> **SUPPLIED INFORMATION**
▬▬▬▬▬▬

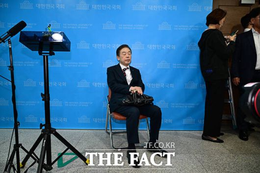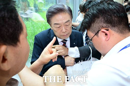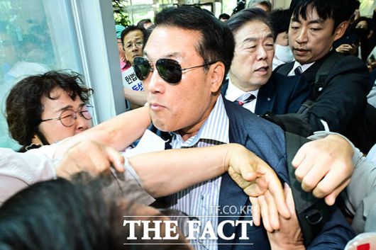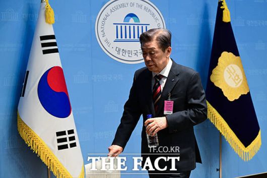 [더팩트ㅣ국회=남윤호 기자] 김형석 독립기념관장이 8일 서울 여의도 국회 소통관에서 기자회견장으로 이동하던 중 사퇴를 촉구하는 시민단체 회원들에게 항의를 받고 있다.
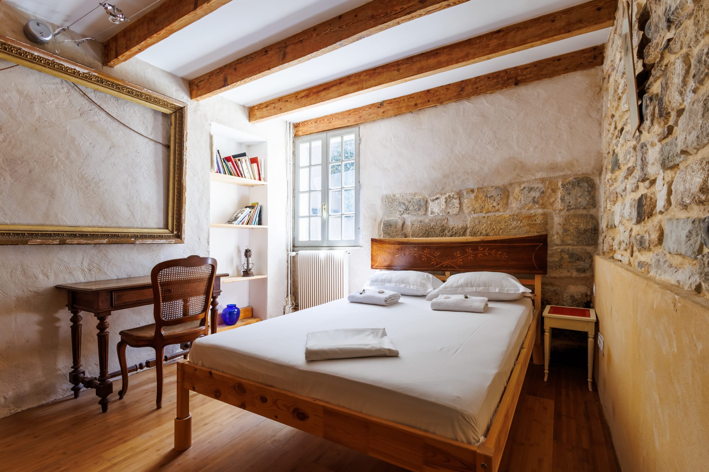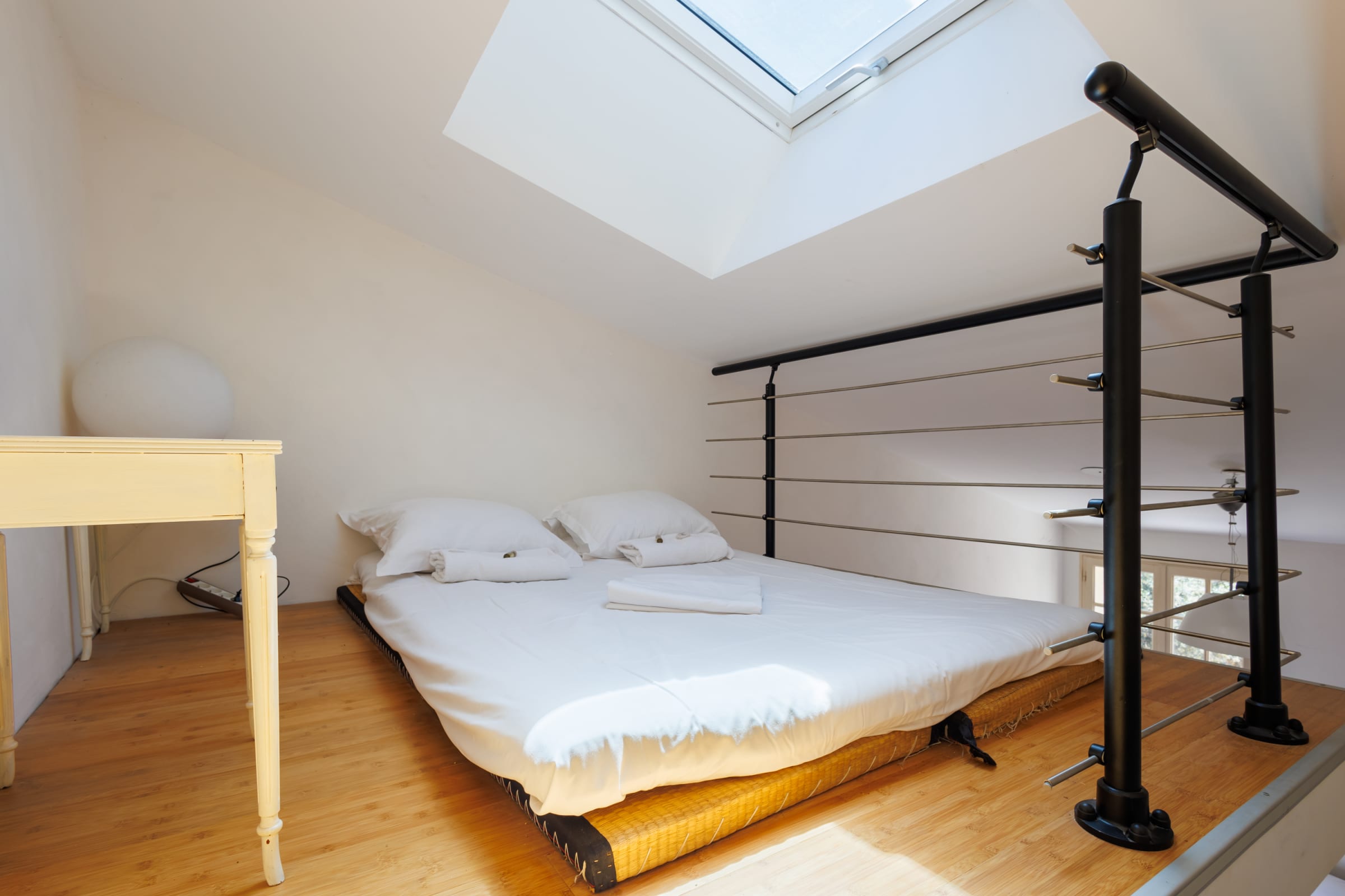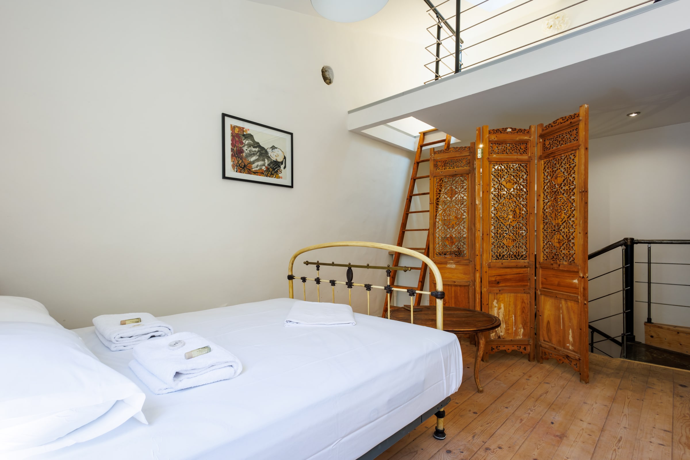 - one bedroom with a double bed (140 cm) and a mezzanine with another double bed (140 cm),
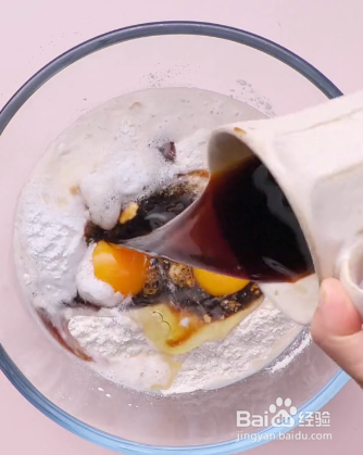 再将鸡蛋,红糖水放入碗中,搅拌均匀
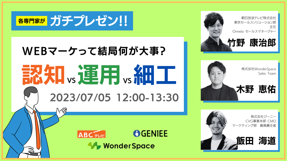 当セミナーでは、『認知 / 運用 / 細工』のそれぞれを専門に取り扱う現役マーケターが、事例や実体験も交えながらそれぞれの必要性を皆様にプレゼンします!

▬▬▬▬▬▬

> **AIM OF THE EXERCISE**
Only the text of the listing should be returned, exactly and in full; no image goes into the copy.

> **RESPONSE BELOW**
 [더팩트ㅣ국회=남윤호 기자] 김형석 독립기념관장이 8일 서울 여의도 국회 소통관에서 기자회견장으로 이동하던 중 사퇴를 촉구하는 시민단체 회원들에게 항의를 받고 있다.
 - one bedroom with a double bed (140 cm) and a mezzanine with another double bed (140 cm),
 再将鸡蛋,红糖水放入碗中,搅拌均匀
 当セミナーでは、『認知 / 運用 / 細工』のそれぞれを専門に取り扱う現役マーケターが、事例や実体験も交えながらそれぞれの必要性を皆様にプレゼンします!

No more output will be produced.